## Available data
☆ ☆ ☆
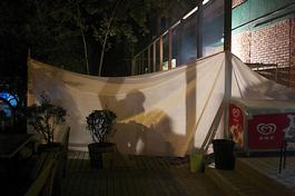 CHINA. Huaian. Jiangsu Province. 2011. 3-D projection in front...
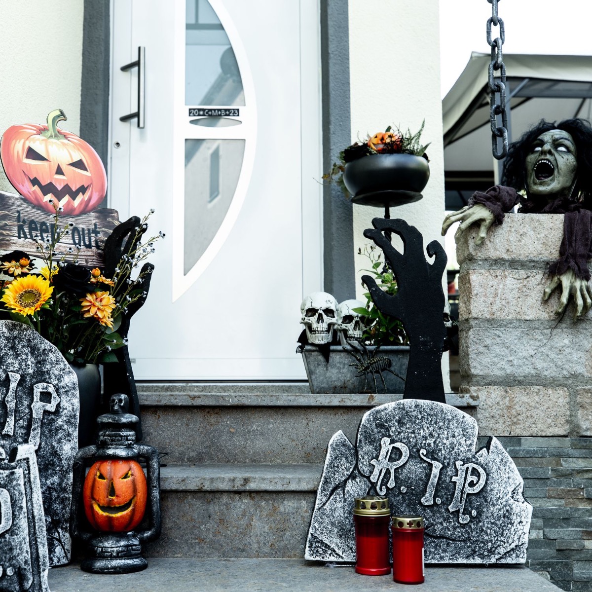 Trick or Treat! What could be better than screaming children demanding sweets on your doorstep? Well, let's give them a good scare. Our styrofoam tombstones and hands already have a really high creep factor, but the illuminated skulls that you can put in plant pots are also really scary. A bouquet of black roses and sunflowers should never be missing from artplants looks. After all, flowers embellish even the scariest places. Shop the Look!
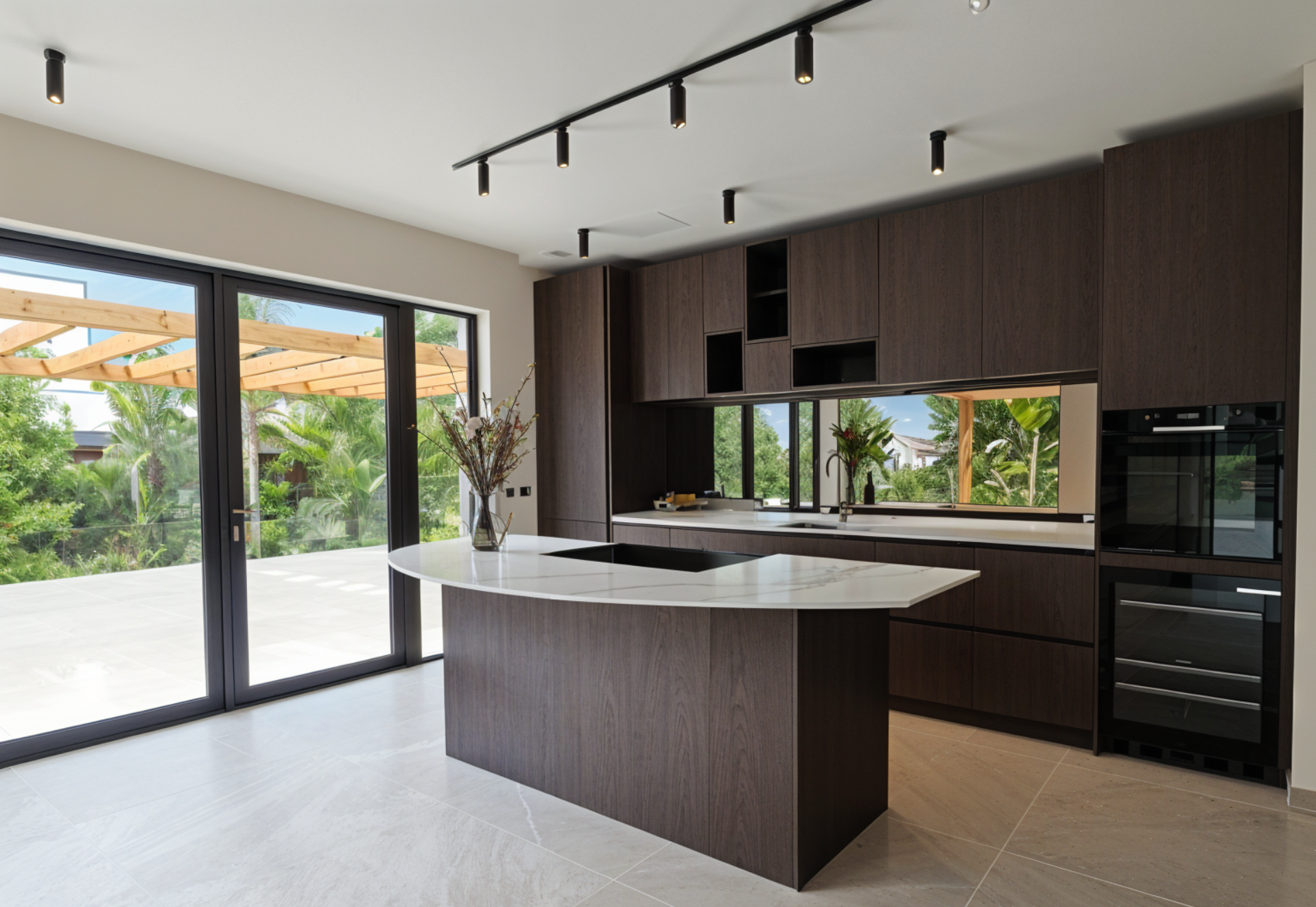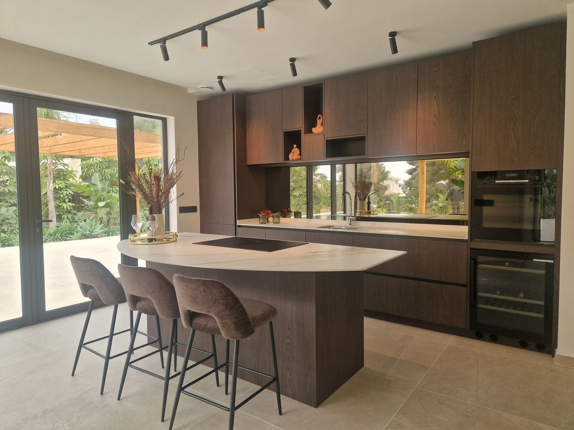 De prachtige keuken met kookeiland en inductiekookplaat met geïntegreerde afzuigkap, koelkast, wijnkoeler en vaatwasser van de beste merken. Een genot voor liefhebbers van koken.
☆ ☆ ☆
## Problem to solve
Leaving out the pictures, restate each line of the listing above verbatim, from the opening line to the line bearing "Trick or Treat!", inclusive, and no more.

## Output below
 CHINA. Huaian. Jiangsu Province. 2011. 3-D projection in front...
 Trick or Treat! What could be better than screaming children demanding sweets on your doorstep? Well, let's give them a good scare. Our styrofoam tombstones and hands already have a really high creep factor, but the illuminated skulls that you can put in plant pots are also really scary. A bouquet of black roses and sunflowers should never be missing from artplants looks. After all, flowers embellish even the scariest places. Shop the Look!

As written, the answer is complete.